------ SUPPLIED DATA ------
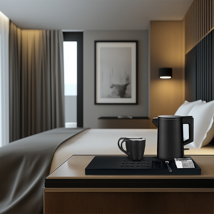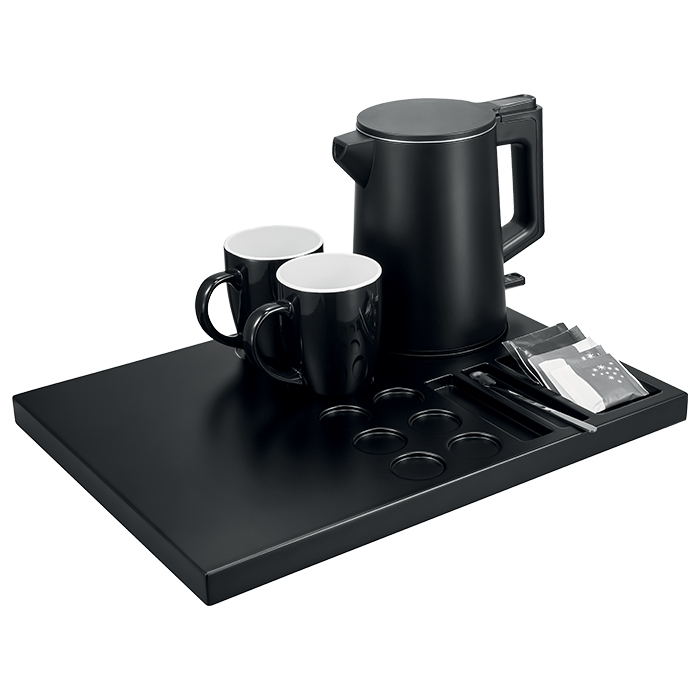 XL Δίσκος καλωσορίσματος από ξύλο δρυός σε μαύρο χρώμα, με βραστήρα 0.8L, 1300W, 2 κούπες και θέση για μηχανή espresso
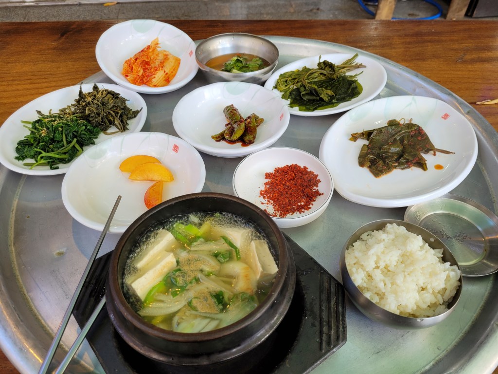 Now, Iโm going to be honest here, this was actually the first meal here I havenโt enjoyed. With the exception of the jjigae (soup) which tasted fine, the banchan that were served (except the fruit which I guess was some type of stewed apple and delicious) were all really astringently bitter. The greens I could only take a bite or two of and the rest I had to leave. So that goes to show me that I have obviously done well so far in picking places to eat, as this is the first time I havenโt liked the way food has been cooked.
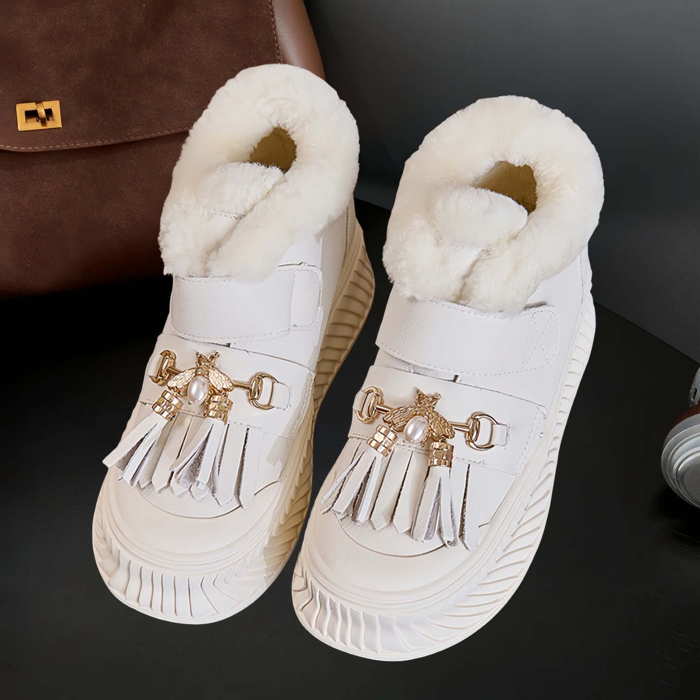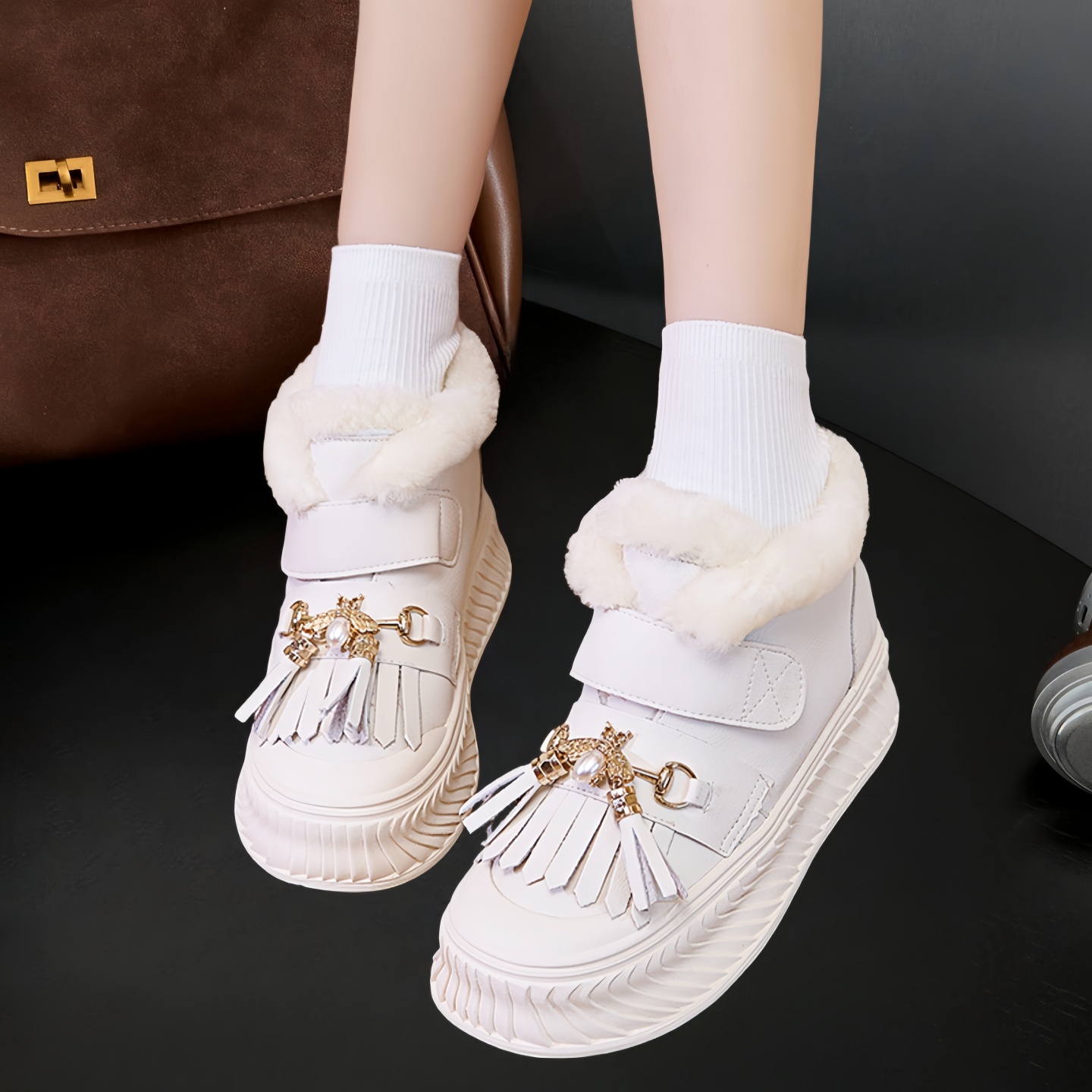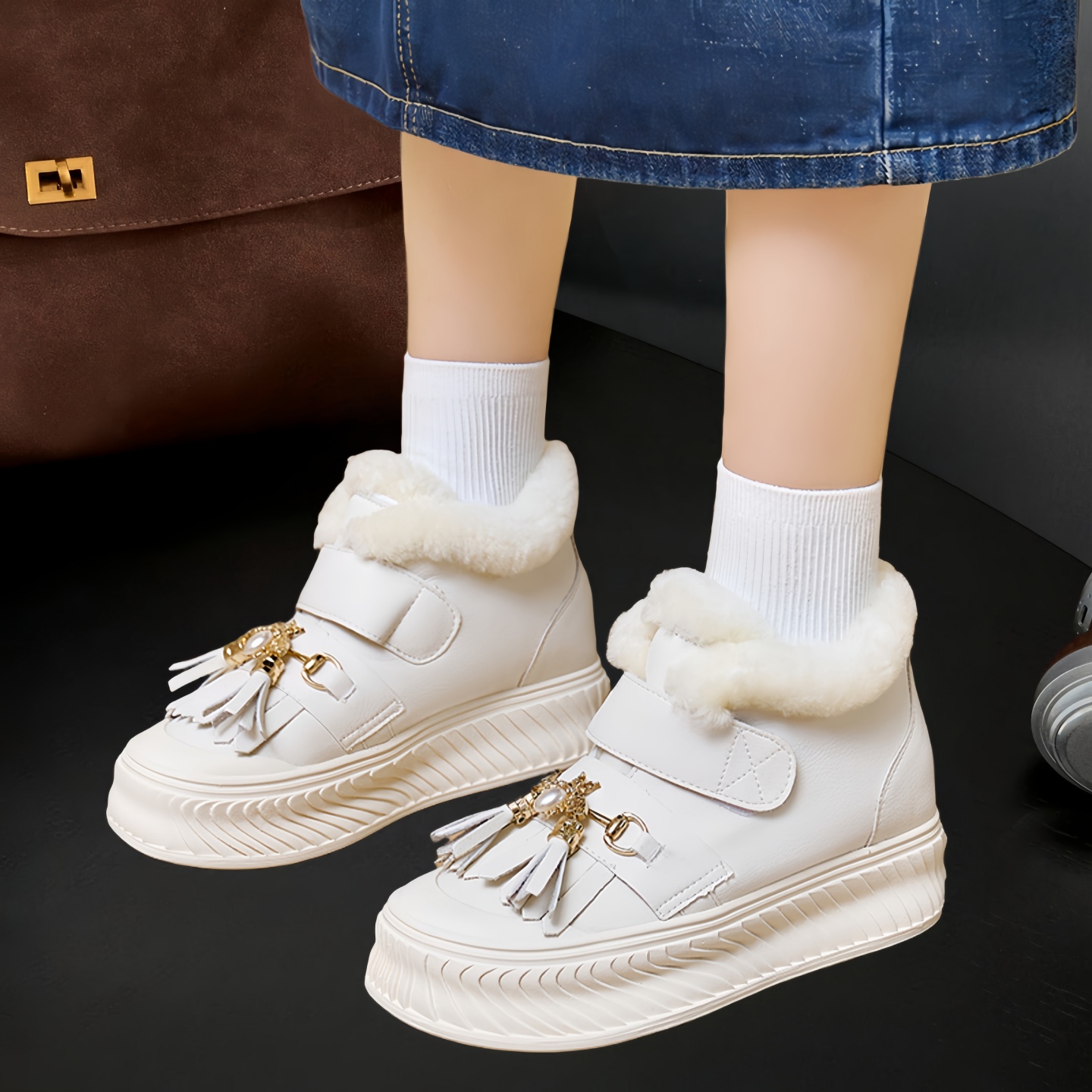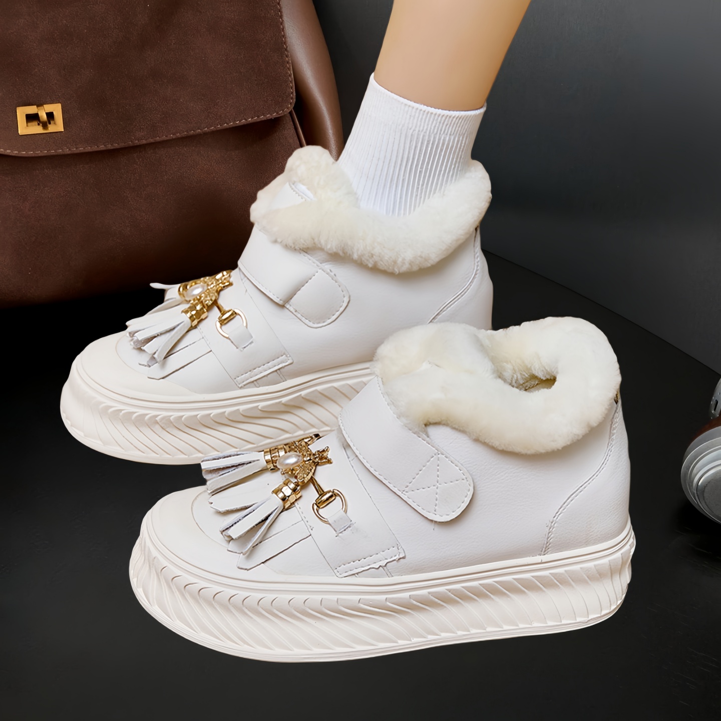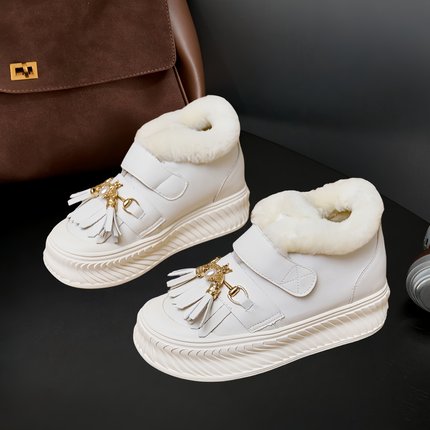 真皮内增高白色雪地靴女2025冬季新款魔术贴厚底松糕鞋时尚棉鞋子
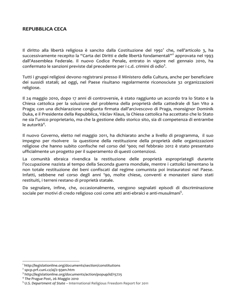 REPUBBLICA CECA Il diritto alla libertà religiosa è sancito dalla Costituzione del 19921 che, nell’articolo 3, ha successivamente recepito la “Carta dei Diritti e delle libertà fondamentali”2 approvata nel 1993 dall’Assemblea Federale. Il nuovo Codice Penale, entrato in vigore nel gennaio 2010, ha confermato le sanzioni previste dal precedente per i c.d. crimini di odio3. Tutti i gruppi religiosi devono registrarsi presso il Ministero della Cultura, anche per beneficiare dei sussidi statali; ad oggi, nel Paese risultano regolarmente riconosciute 32 organizzazioni religiose. Il 24 maggio 2010, dopo 17 anni di controversie, è stato raggiunto un accordo tra lo Stato e la Chiesa cattolica per la soluzione del problema della proprietà della cattedrale di San Vito a Praga; con una dichiarazione congiunta firmata dall’arcivescovo di Praga, monsignor Dominik Duka, e il Presidente della Repubblica, Václav Klaus, la Chiesa cattolica ha accettato che lo Stato ne sia l’unico proprietario, ma che la gestione dello storico sito, sia di competenza di entrambe le autorità4. Il nuovo Governo, eletto nel maggio 2011, ha dichiarato anche a livello di programma, il suo impegno per risolvere la questione della restituzione della proprietà delle organizzazioni religiose che hanno subito confische nel corso del ‘900; nel febbraio 2012 è stato presentato ufficialmente un progetto per il superamento di questi contenziosi. La comunità ebraica rivendica la restituzione delle proprietà espropriategli durante l’occupazione nazista al tempo della Seconda guerra mondiale, mentre i cattolici lamentano la non totale restituzione dei beni confiscati dal regime comunista poi instauratosi nel Paese. Infatti, sebbene nel corso degli anni ’90, molte chiese, conventi e monasteri siano stati restituiti, i terreni restano di proprietà statale. Da segnalare, infine, che, occasionalmente, vengono segnalati episodi di discriminazione sociale per motivi di credo religioso così come atti anti-ebraici e anti-musulmani5. 1 http://legislationline.org/documents/section/constitutions spcp.prf.cuni.cz/aj/2-93en.htm 3 http://legislationline.org/documents/action/popup/id/15725 4 The Prague Post, 26 Maggio 2010 5 U.S. Department of State – International Religious Freedom Report for 2011 2
------
**WORK TASK:** Restate the data word for word while omitting each picture.

**REPLY:**
 XL Δίσκος καλωσορίσματος από ξύλο δρυός σε μαύρο χρώμα, με βραστήρα 0.8L, 1300W, 2 κούπες και θέση για μηχανή espresso
 Now, Iโm going to be honest here, this was actually the first meal here I havenโt enjoyed. With the exception of the jjigae (soup) which tasted fine, the banchan that were served (except the fruit which I guess was some type of stewed apple and delicious) were all really astringently bitter. The greens I could only take a bite or two of and the rest I had to leave. So that goes to show me that I have obviously done well so far in picking places to eat, as this is the first time I havenโt liked the way food has been cooked.
 真皮内增高白色雪地靴女2025冬季新款魔术贴厚底松糕鞋时尚棉鞋子
 REPUBBLICA CECA Il diritto alla libertà religiosa è sancito dalla Costituzione del 19921 che, nell’articolo 3, ha successivamente recepito la “Carta dei Diritti e delle libertà fondamentali”2 approvata nel 1993 dall’Assemblea Federale. Il nuovo Codice Penale, entrato in vigore nel gennaio 2010, ha confermato le sanzioni previste dal precedente per i c.d. crimini di odio3. Tutti i gruppi religiosi devono registrarsi presso il Ministero della Cultura, anche per beneficiare dei sussidi statali; ad oggi, nel Paese risultano regolarmente riconosciute 32 organizzazioni religiose. Il 24 maggio 2010, dopo 17 anni di controversie, è stato raggiunto un accordo tra lo Stato e la Chiesa cattolica per la soluzione del problema della proprietà della cattedrale di San Vito a Praga; con una dichiarazione congiunta firmata dall’arcivescovo di Praga, monsignor Dominik Duka, e il Presidente della Repubblica, Václav Klaus, la Chiesa cattolica ha accettato che lo Stato ne sia l’unico proprietario, ma che la gestione dello storico sito, sia di competenza di entrambe le autorità4. Il nuovo Governo, eletto nel maggio 2011, ha dichiarato anche a livello di programma, il suo impegno per risolvere la questione della restituzione della proprietà delle organizzazioni religiose che hanno subito confische nel corso del ‘900; nel febbraio 2012 è stato presentato ufficialmente un progetto per il superamento di questi contenziosi. La comunità ebraica rivendica la restituzione delle proprietà espropriategli durante l’occupazione nazista al tempo della Seconda guerra mondiale, mentre i cattolici lamentano la non totale restituzione dei beni confiscati dal regime comunista poi instauratosi nel Paese. Infatti, sebbene nel corso degli anni ’90, molte chiese, conventi e monasteri siano stati restituiti, i terreni restano di proprietà statale. Da segnalare, infine, che, occasionalmente, vengono segnalati episodi di discriminazione sociale per motivi di credo religioso così come atti anti-ebraici e anti-musulmani5. 1 http://legislationline.org/documents/section/constitutions spcp.prf.cuni.cz/aj/2-93en.htm 3 http://legislationline.org/documents/action/popup/id/15725 4 The Prague Post, 26 Maggio 2010 5 U.S. Department of State – International Religious Freedom Report for 2011 2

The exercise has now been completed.